7. Download Model Weights

Download the FoundationPose pretrained weights from the original repo and place them in weights/:

weights/ ├── 2023-10-28-18-33-37/ # Scorer model └── 2024-01-11-20-02-45/ # Refiner model

8. Optional: ZED SDK

Required for record_video.py and live_tracking_with_ros.py:

Install from stereolabs.com
Then: pip install pyzed

9. Optional: ROS Noetic (via RoboStack)

Required for live_tracking_with_ros.py. Install via RoboStack into the same conda environment:

conda config --env --add channels robostack-staging conda config --env --add channels conda-forge conda config --env --set channel_priority flexible conda install ros-noetic-desktop conda install ros-noetic-geometry-msgs ros-noetic-std-msgs

After installation, ROS is automatically sourced when you activate the conda environment.

Verify Installation

cd /path/to/FoundationPose python -c "from Utils import *; from estimater import *; from generate_mask import generate_binary_mask_box; import mycpp; print('All imports OK')"

Scripts

Script 1: Record Video

Record an RGB-D video from a ZED stereo camera.

python record_video.py \ --save_dir recordings/ \ --serial_number 15107 \ --fps 30

Press Ctrl+C to stop recording. Output directory structure:

recordings/<timestamp>/ ├── rgb/ # RGB frames as PNGs ├── depth/ # Depth frames as 16-bit PNGs (mm) ├── cam_K.txt # 3x3 camera intrinsics └── rgb.mp4 # RGB video

Options: --width (960), --height (540), --exposure (25), --gain (40), --camera_upsidedown

Script 2: Extract Poses

Extract 6D object poses from a recorded RGB-D video and an object mesh.

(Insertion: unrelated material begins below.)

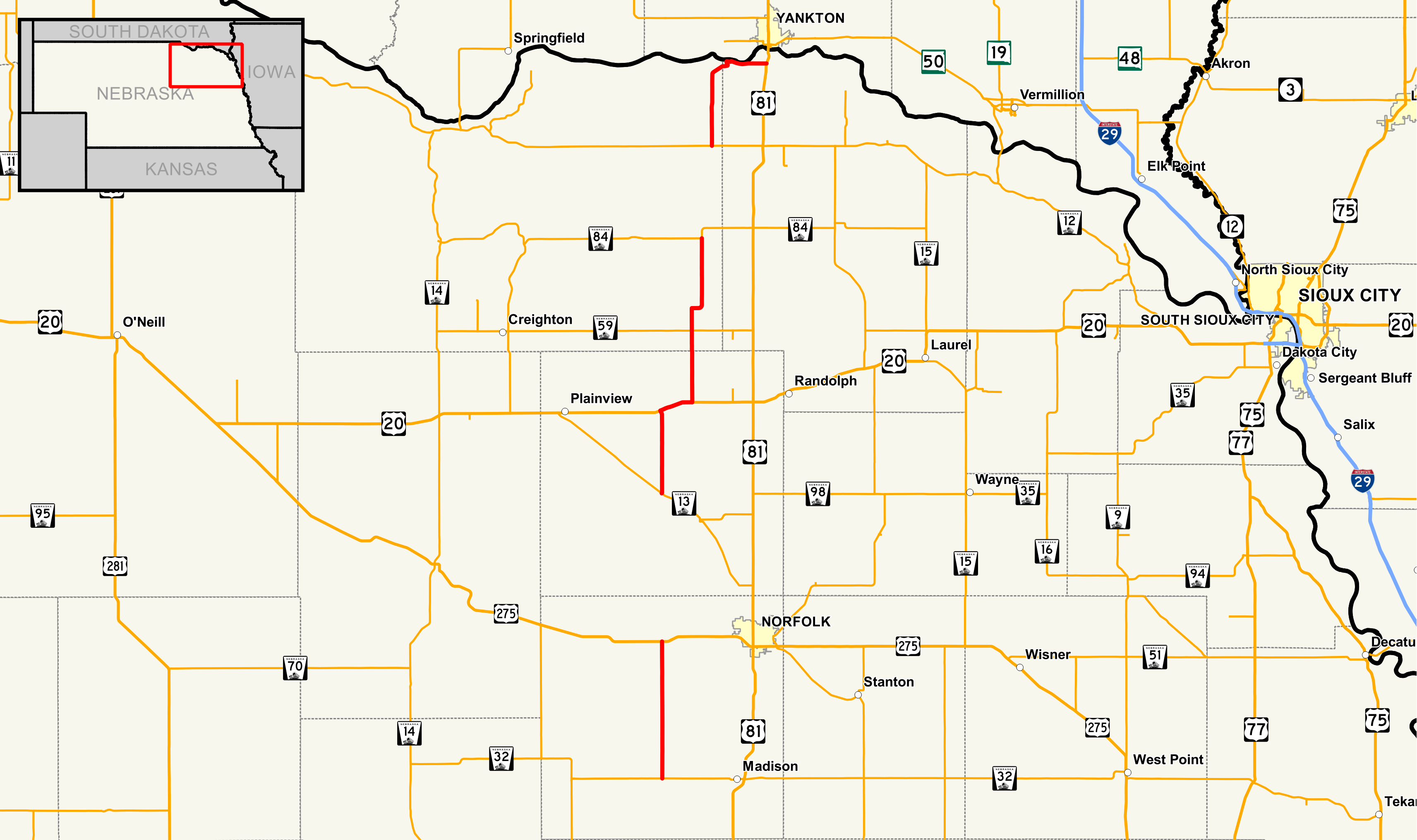 Map of Nebraska Highway 121 Data Sources: Nebraska Highways - - Dec 2016 Nebraska County Boundaries - - Dec 2016 Nebraska City Boundaries - - Dec 2016 This PNG graphic was created with QGIS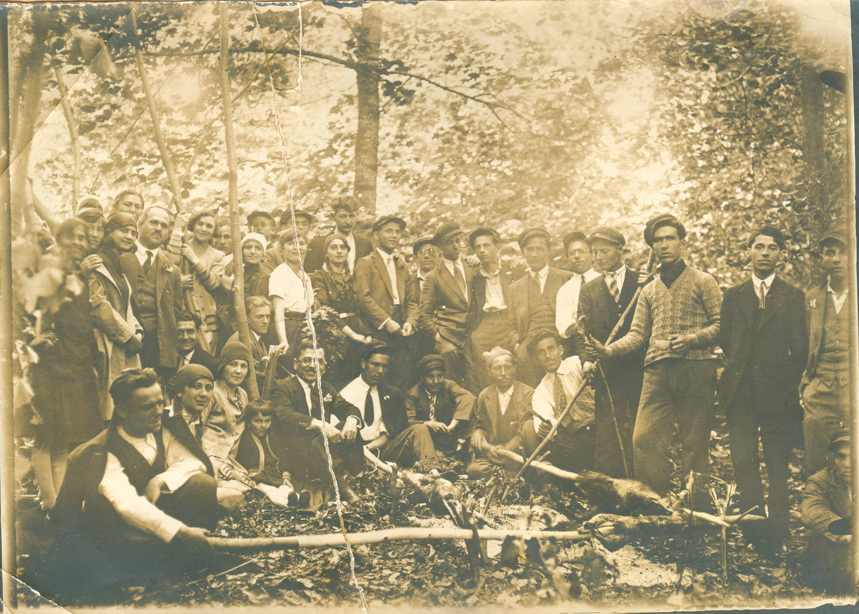 Students of Teacher's School from Negotin on a picnic Srpski (latinica): Učenici Učiteljske škole u Negotina na Đurđevdanskom uranku

python extract_poses.py \ --video_dir recordings/<timestamp>/ \ --mesh_path /path/to/object.obj \ --calibration calibration/T_RC_example.txt \ --output_path poses.json

On the first frame, an interactive window opens where you click 4 corners of a bounding box around the object for SAM-based segmentation. FoundationPose then tracks the object through all frames. To skip interactive selection and use a pre-existing mask, pass --mask_path <mask.png>.

Output format (poses.json):

{ "poses_cam": [ [x, y, z, qx, qy, qz, qw], ... ], "poses_robot": [ [x, y, z, qx, qy, qz, qw], ... ] }

Options: --mask_path <mask.png> (skip interactive SAM), --est_refine_iter (5), --track_refine_iter (2), --debug (0/1/2)

Script 3: Live Tracking with ROS

Run real-time 6D pose tracking from a ZED camera and publish poses to ROS topics.

python live_tracking_with_ros.py \ --mesh_path /path/to/object.obj \ --calibration calibration/T_RC_example.txt

Published ROS topics:

camera_frame/current_object_pose (PoseStamped) -- pose in camera frame
robot_frame/current_object_pose (PoseStamped) -- pose in robot frame (via T_RC)

Options: --serial_number (15107), --fps (40), --camera_upsidedown, --width (960), --height (540), --debug (0/1)

Configuration

Camera Intrinsics

Camera intrinsics are automatically read from the ZED SDK for live scripts (record_video.py, live_tracking_with_ros.py). For offline processing (extract_poses.py), they are loaded from cam_K.txt in the video directory.

Camera-to-Robot Calibration

The --calibration argument accepts a 4x4 homogeneous transform T_RC (robot-from-camera) as a .npy or .txt file. This transform converts poses from camera frame to robot frame: pose_robot = T_RC @ pose_cam.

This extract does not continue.